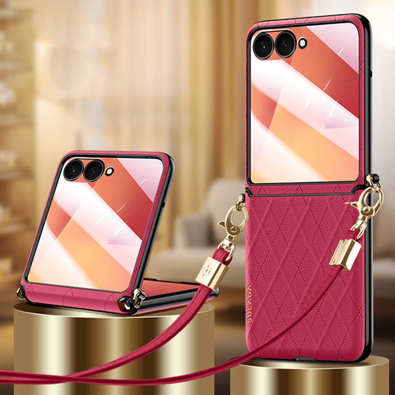 SULADA Galaxy Z Flip7 Fodral Rhombus Läder+PC Röd
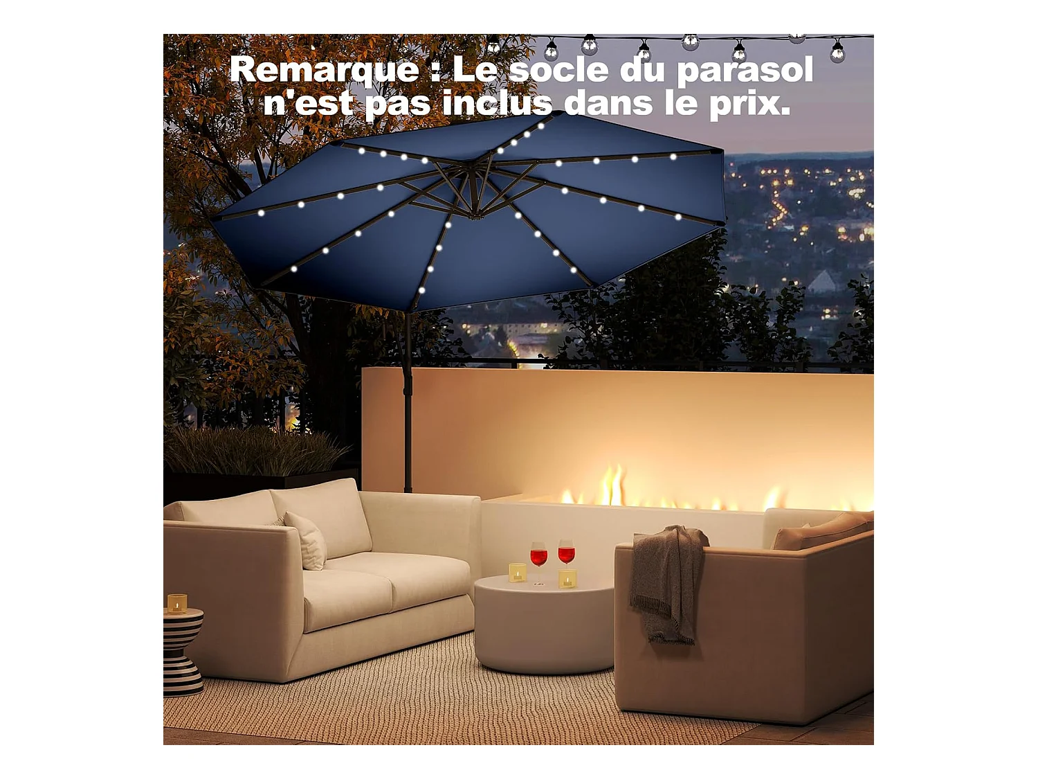 Parasol de jardin en porte-à-faux et lumières LED mât en acier
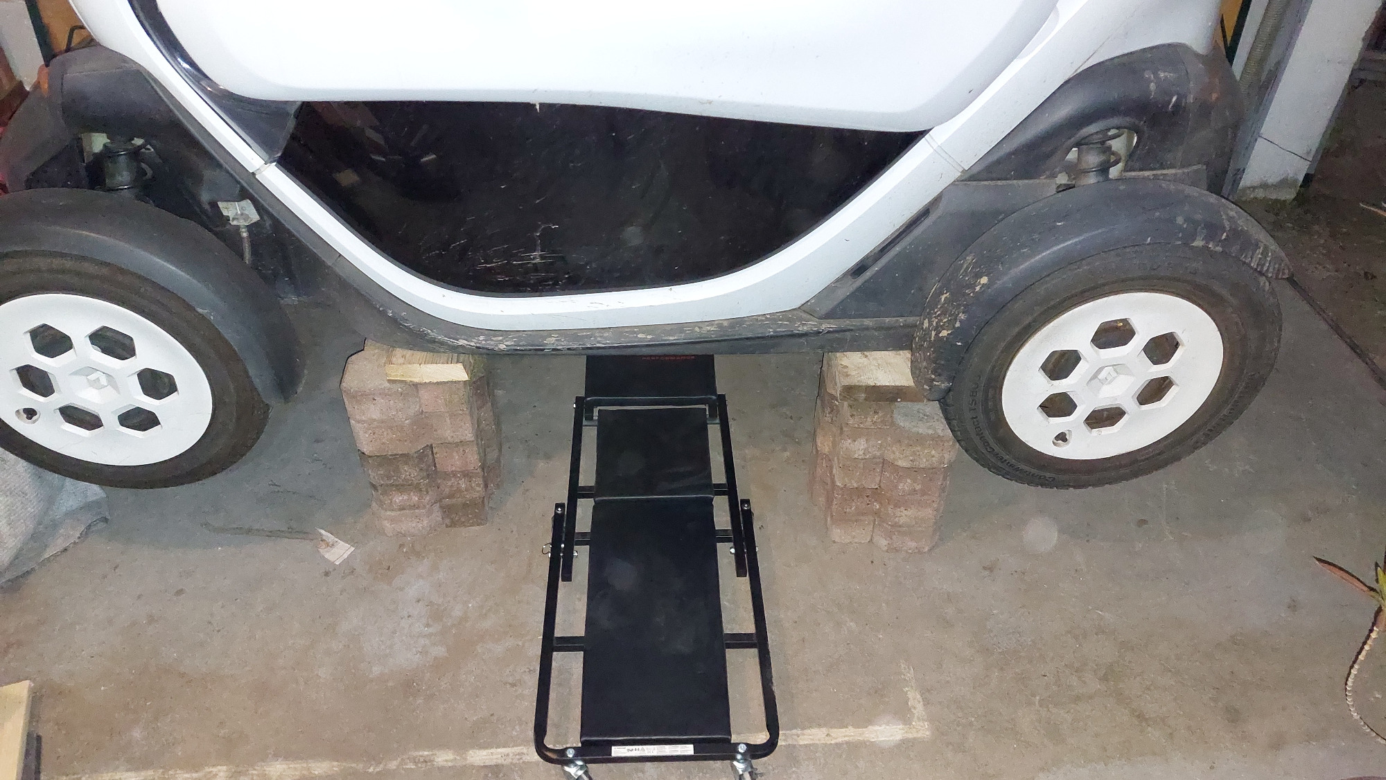 Twizy aufgebockt. Darunter Werkstatt-Rollliege, um etwas komfortabler an die Steckverbinder und Schrauben zu gelangen.
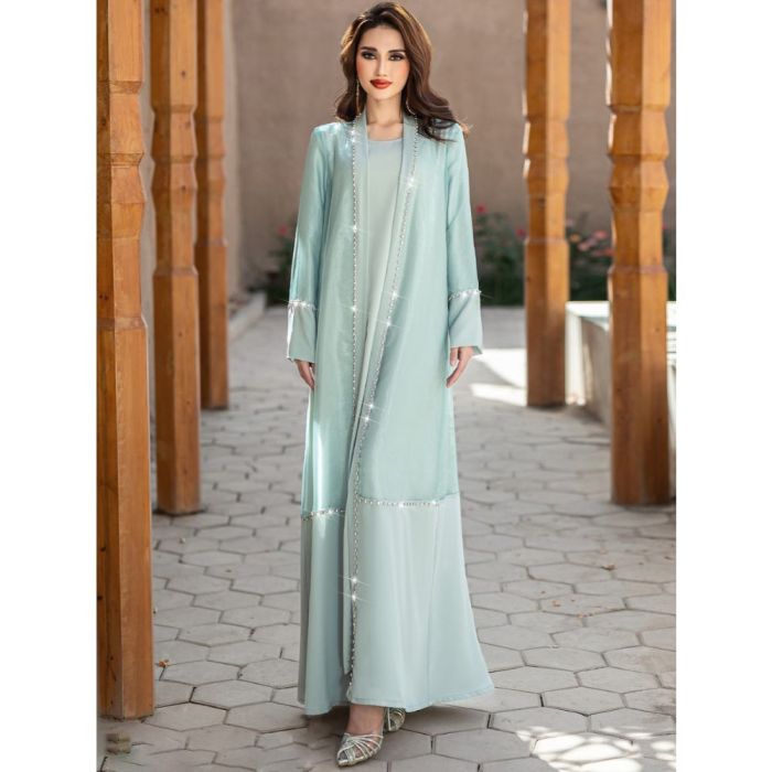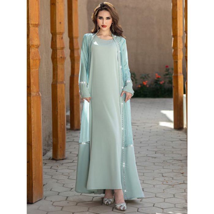 طقم فستان وعباية مرصعة للسيدات مصنوع من بوليستر، بتصميم أنيق يجمع بين الفستان الداخلي والعباية الخارجية بانسيابية راقية، الترصيع الناعم يضيف لمسة فخامة هادئة، يمنح إطلالة محتشمة ومميزة للمناسبات الراقية
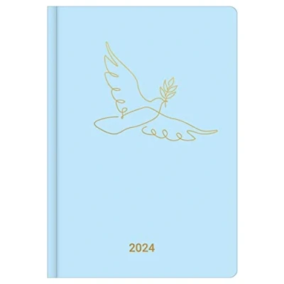 Book calendar in the format 14.8 x 21 cm One week on one page 4-language calendar International Holidays Moon phases Pages to design yourself Flexible cardboard envelope with elegant metallic embossing
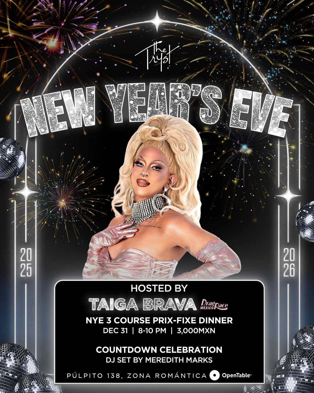 This year’s celebration takes place on Wednesday, December 31 at 8PM and features a $3,000 pesos three-course dinner with a complimentary welcome cocktail and live entertainment by the sensational Taiga Brava, winner of Queen of the Universe Season 2 and judge on Drag Race México with the DJ set of Meredith Marks at 9pm.
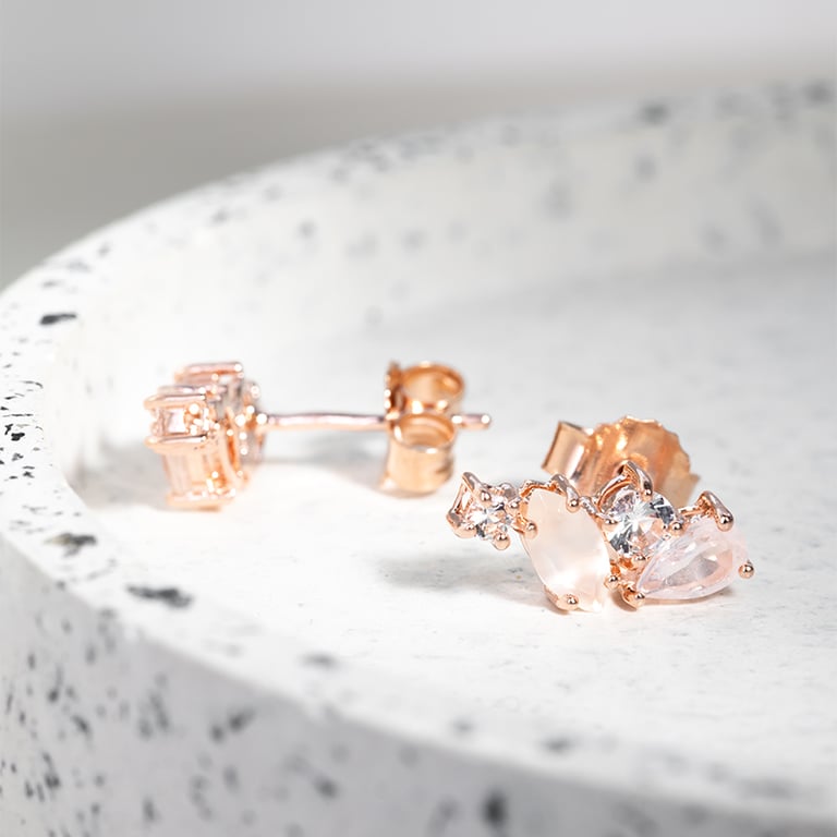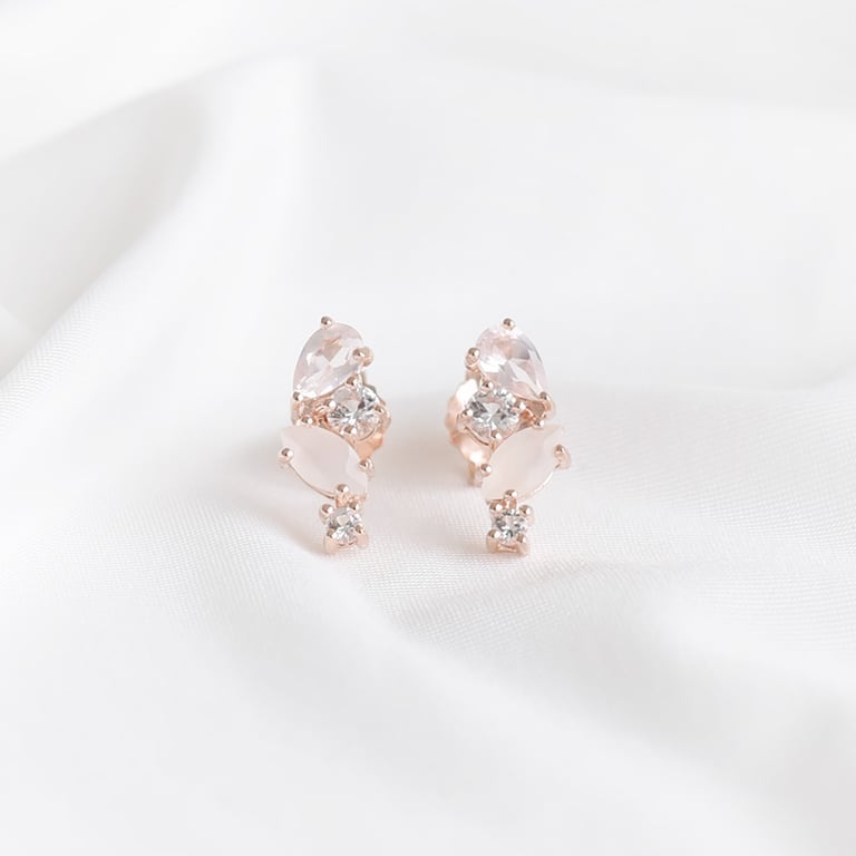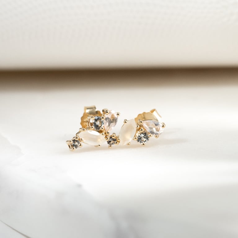 Ohrringe in Silber mit Topas, Rosenquarz und Mondstein Nacho
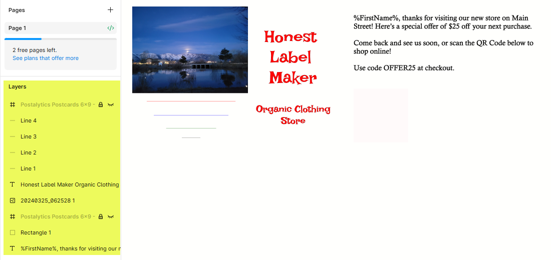 - Creative Freedom, Technical Certainty: Work in the Figma environment you’re comfortable with while maintaining a direct connection to Postalytics’ technical standards.
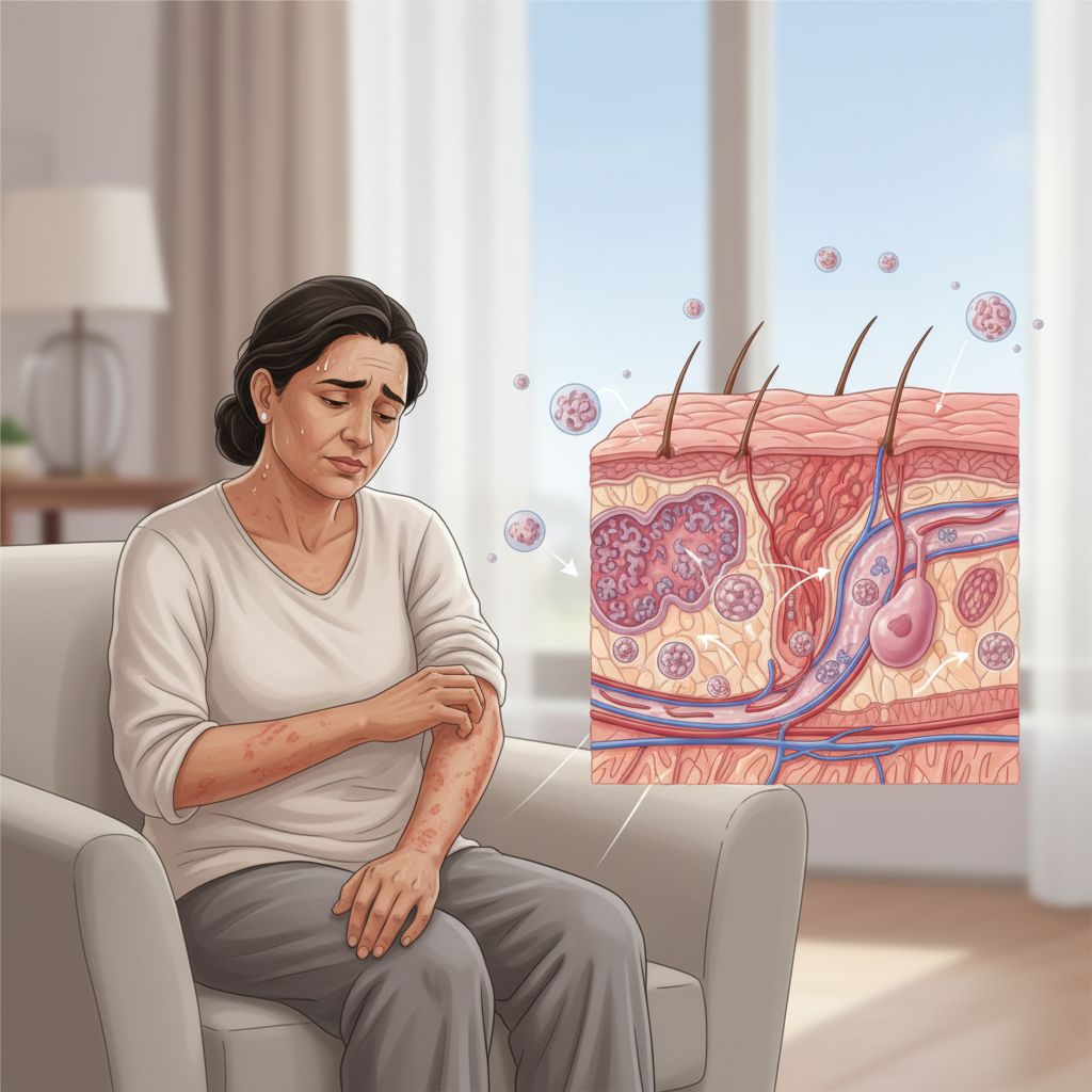 A Síndrome de Sézary é um linfoma cutâneo raro que afeta células T, manifestando-se com vermelhidão generalizada na pele, coceira intensa e presença de células anormais no sangue. Essa condição pode levar a complicações no sistema imunológico e afetar a qualidade de vida do paciente.
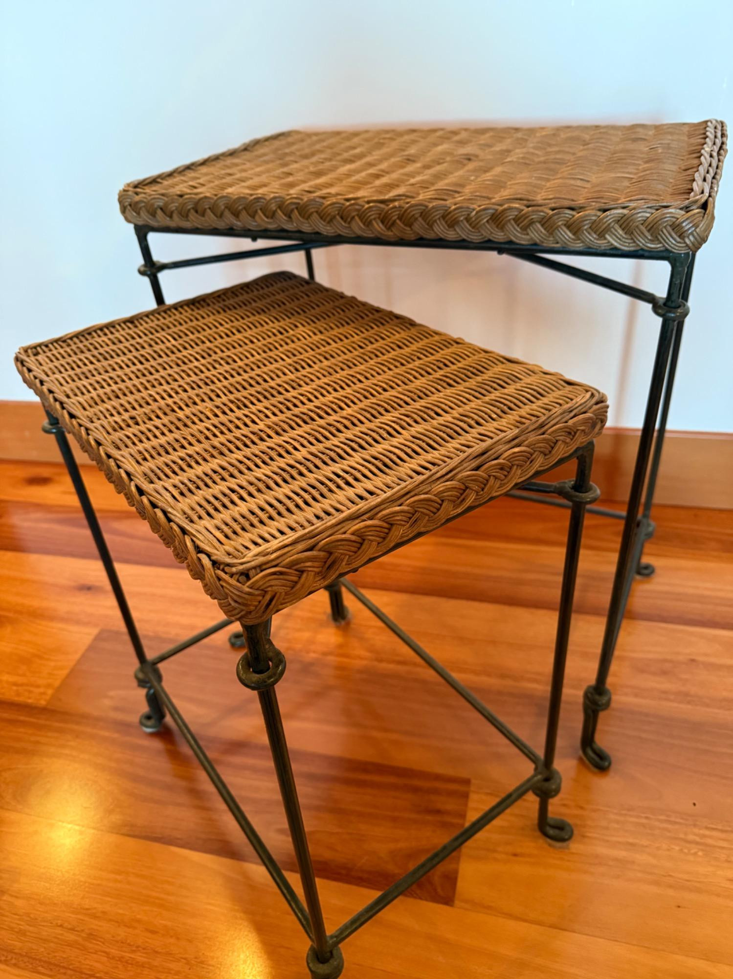 Lot # 46 - Set of Two Wicker Nesting Tables – Metal Frame

#####

→ ASSIGNMENT
Copy every record exactly, leaving the pictures out.

→ ANSWER TO THE PROBLEM
 SULADA Galaxy Z Flip7 Fodral Rhombus Läder+PC Röd
 Parasol de jardin en porte-à-faux et lumières LED mât en acier
 Twizy aufgebockt. Darunter Werkstatt-Rollliege, um etwas komfortabler an die Steckverbinder und Schrauben zu gelangen.
 طقم فستان وعباية مرصعة للسيدات مصنوع من بوليستر، بتصميم أنيق يجمع بين الفستان الداخلي والعباية الخارجية بانسيابية راقية، الترصيع الناعم يضيف لمسة فخامة هادئة، يمنح إطلالة محتشمة ومميزة للمناسبات الراقية
 Book calendar in the format 14.8 x 21 cm One week on one page 4-language calendar International Holidays Moon phases Pages to design yourself Flexible cardboard envelope with elegant metallic embossing
 This year’s celebration takes place on Wednesday, December 31 at 8PM and features a $3,000 pesos three-course dinner with a complimentary welcome cocktail and live entertainment by the sensational Taiga Brava, winner of Queen of the Universe Season 2 and judge on Drag Race México with the DJ set of Meredith Marks at 9pm.
 Ohrringe in Silber mit Topas, Rosenquarz und Mondstein Nacho
 - Creative Freedom, Technical Certainty: Work in the Figma environment you’re comfortable with while maintaining a direct connection to Postalytics’ technical standards.
 A Síndrome de Sézary é um linfoma cutâneo raro que afeta células T, manifestando-se com vermelhidão generalizada na pele, coceira intensa e presença de células anormais no sangue. Essa condição pode levar a complicações no sistema imunológico e afetar a qualidade de vida do paciente.
 Lot # 46 - Set of Two Wicker Nesting Tables – Metal Frame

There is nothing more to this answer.